Exercise instructions: Would you transcribe the records below from the line with "The effect of" to the line with "春節(jié)來臨前,掛滿燈", ends included, exactly and with nothing more, leaving the pictures out?

Extracted records:
Segment Open

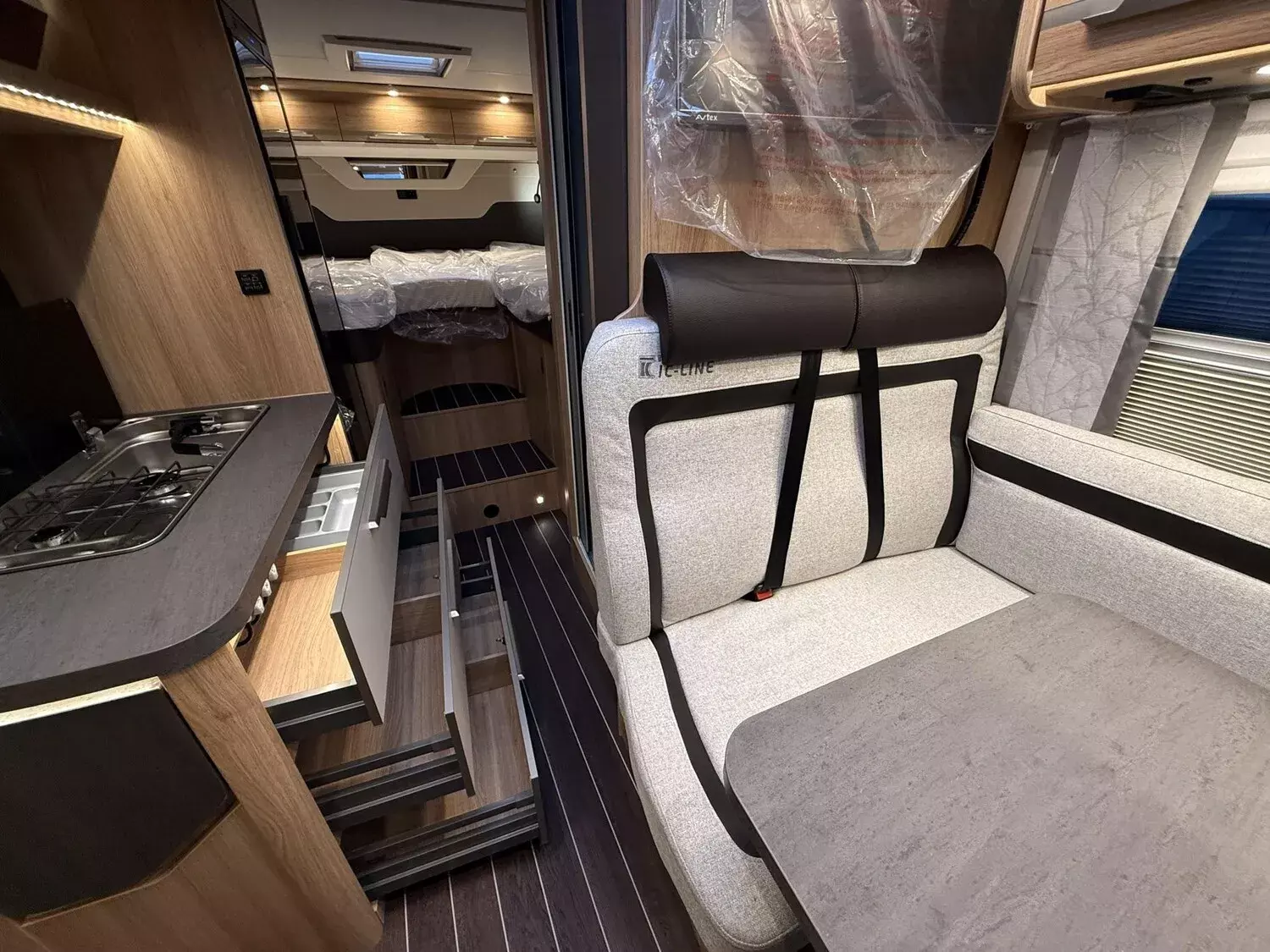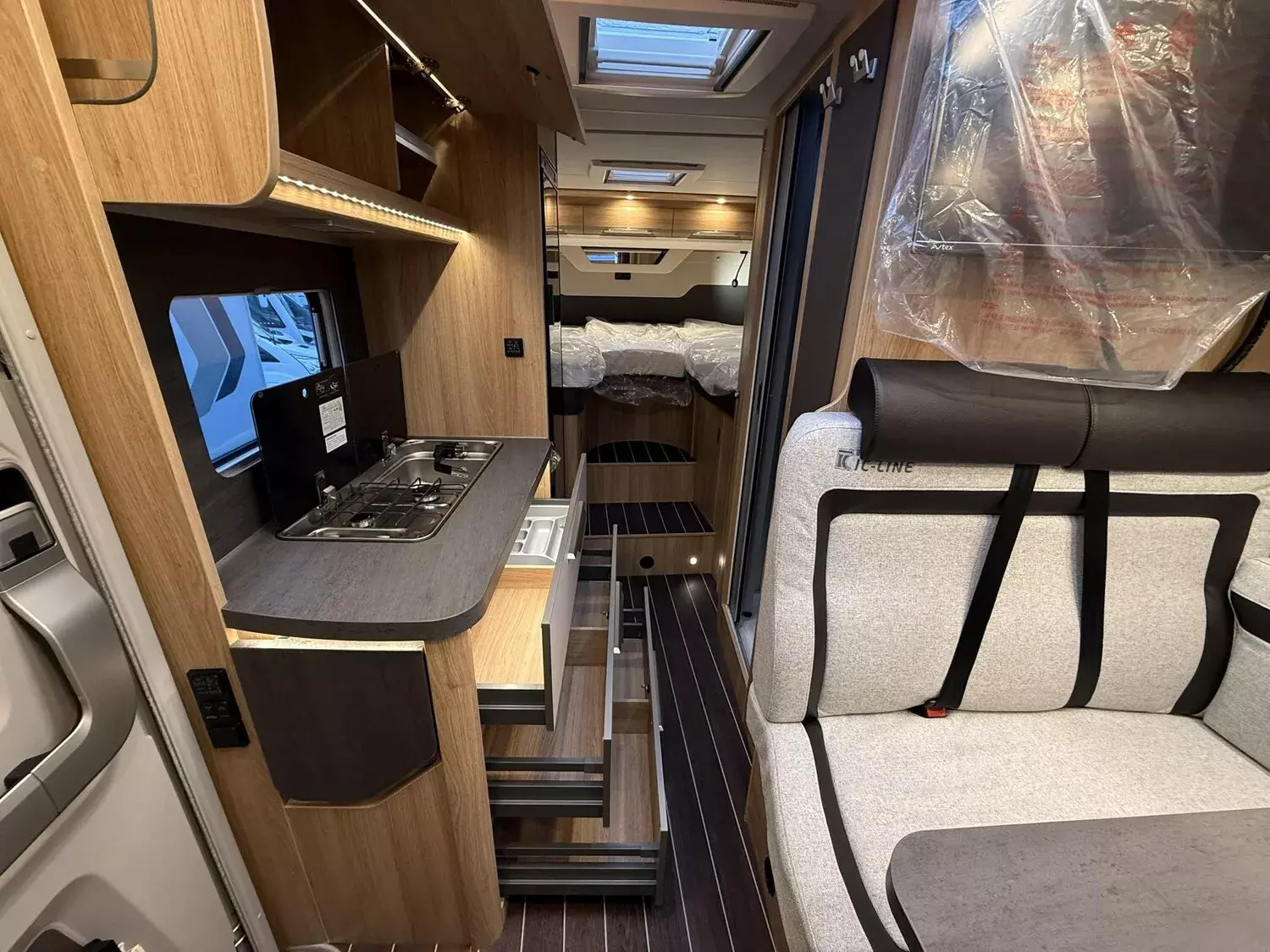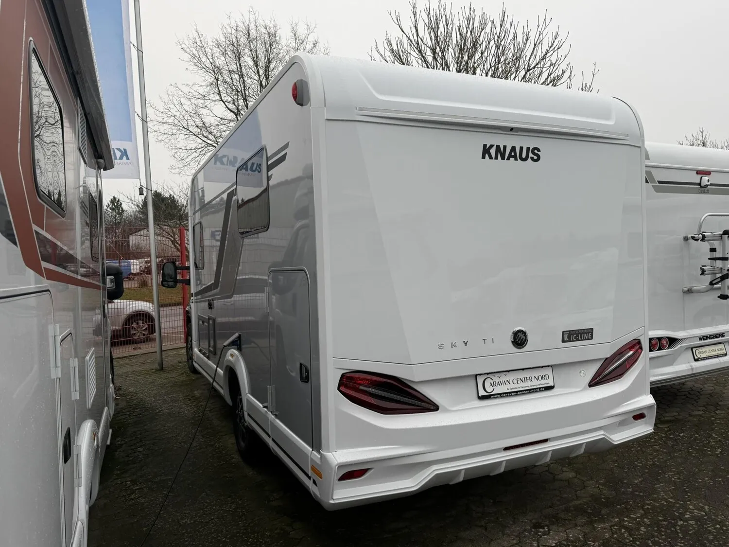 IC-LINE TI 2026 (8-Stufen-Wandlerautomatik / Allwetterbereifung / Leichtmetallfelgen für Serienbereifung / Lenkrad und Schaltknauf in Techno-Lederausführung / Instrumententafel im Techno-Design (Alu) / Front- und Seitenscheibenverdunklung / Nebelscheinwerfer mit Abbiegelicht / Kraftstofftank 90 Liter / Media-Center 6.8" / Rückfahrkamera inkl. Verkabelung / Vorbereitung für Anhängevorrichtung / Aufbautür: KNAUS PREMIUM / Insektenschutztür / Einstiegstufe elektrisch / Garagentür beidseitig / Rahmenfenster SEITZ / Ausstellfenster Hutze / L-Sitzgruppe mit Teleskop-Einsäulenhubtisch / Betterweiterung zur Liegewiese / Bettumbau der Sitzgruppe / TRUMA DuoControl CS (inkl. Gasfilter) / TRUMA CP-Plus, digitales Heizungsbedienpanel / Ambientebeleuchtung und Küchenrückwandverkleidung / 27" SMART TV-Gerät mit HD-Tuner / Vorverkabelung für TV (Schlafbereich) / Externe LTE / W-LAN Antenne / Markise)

Segment Closed
Segment Open

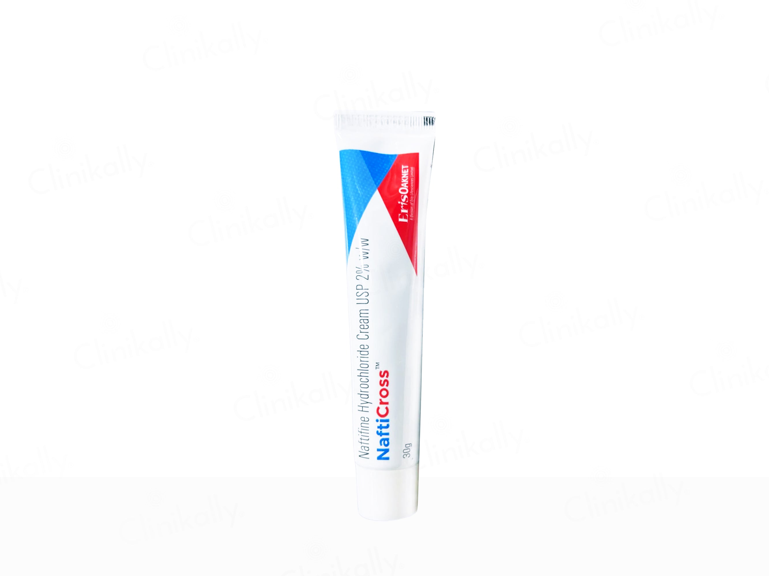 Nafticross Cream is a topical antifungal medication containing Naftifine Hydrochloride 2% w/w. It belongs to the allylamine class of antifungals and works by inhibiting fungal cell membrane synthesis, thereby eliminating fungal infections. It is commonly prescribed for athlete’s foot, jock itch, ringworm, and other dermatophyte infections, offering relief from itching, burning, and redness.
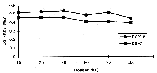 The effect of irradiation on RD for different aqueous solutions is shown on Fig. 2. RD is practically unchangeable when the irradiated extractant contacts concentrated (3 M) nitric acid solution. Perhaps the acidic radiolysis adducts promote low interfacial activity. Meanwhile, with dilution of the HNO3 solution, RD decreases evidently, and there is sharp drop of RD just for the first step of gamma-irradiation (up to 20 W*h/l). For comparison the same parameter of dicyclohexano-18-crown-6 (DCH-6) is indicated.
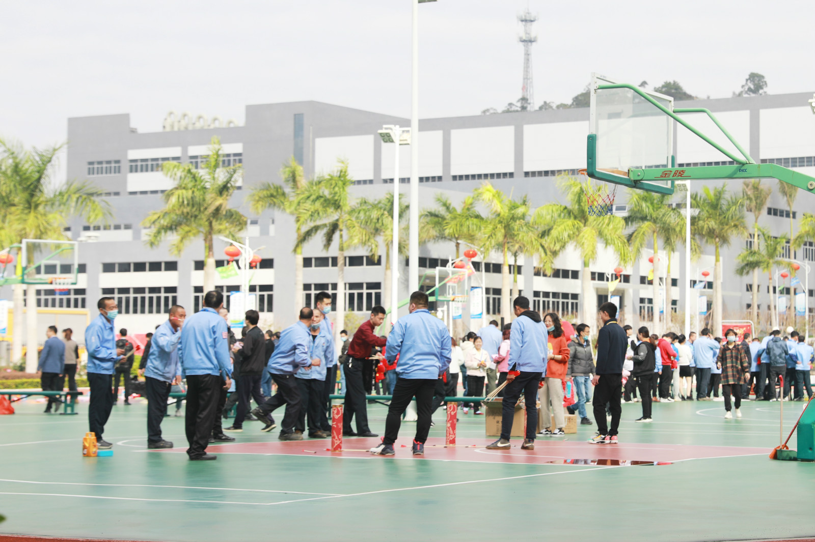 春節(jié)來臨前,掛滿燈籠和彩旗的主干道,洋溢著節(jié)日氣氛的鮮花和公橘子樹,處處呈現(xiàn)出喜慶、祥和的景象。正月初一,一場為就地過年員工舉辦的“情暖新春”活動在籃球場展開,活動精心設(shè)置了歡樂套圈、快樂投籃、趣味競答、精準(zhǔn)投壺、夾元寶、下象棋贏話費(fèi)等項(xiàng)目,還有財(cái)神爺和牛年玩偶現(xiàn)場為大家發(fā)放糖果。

Segment Closed

Problem solution:
 The effect of irradiation on RD for different aqueous solutions is shown on Fig. 2. RD is practically unchangeable when the irradiated extractant contacts concentrated (3 M) nitric acid solution. Perhaps the acidic radiolysis adducts promote low interfacial activity. Meanwhile, with dilution of the HNO3 solution, RD decreases evidently, and there is sharp drop of RD just for the first step of gamma-irradiation (up to 20 W*h/l). For comparison the same parameter of dicyclohexano-18-crown-6 (DCH-6) is indicated.
 春節(jié)來臨前,掛滿燈籠和彩旗的主干道,洋溢著節(jié)日氣氛的鮮花和公橘子樹,處處呈現(xiàn)出喜慶、祥和的景象。正月初一,一場為就地過年員工舉辦的“情暖新春”活動在籃球場展開,活動精心設(shè)置了歡樂套圈、快樂投籃、趣味競答、精準(zhǔn)投壺、夾元寶、下象棋贏話費(fèi)等項(xiàng)目,還有財(cái)神爺和牛年玩偶現(xiàn)場為大家發(fā)放糖果。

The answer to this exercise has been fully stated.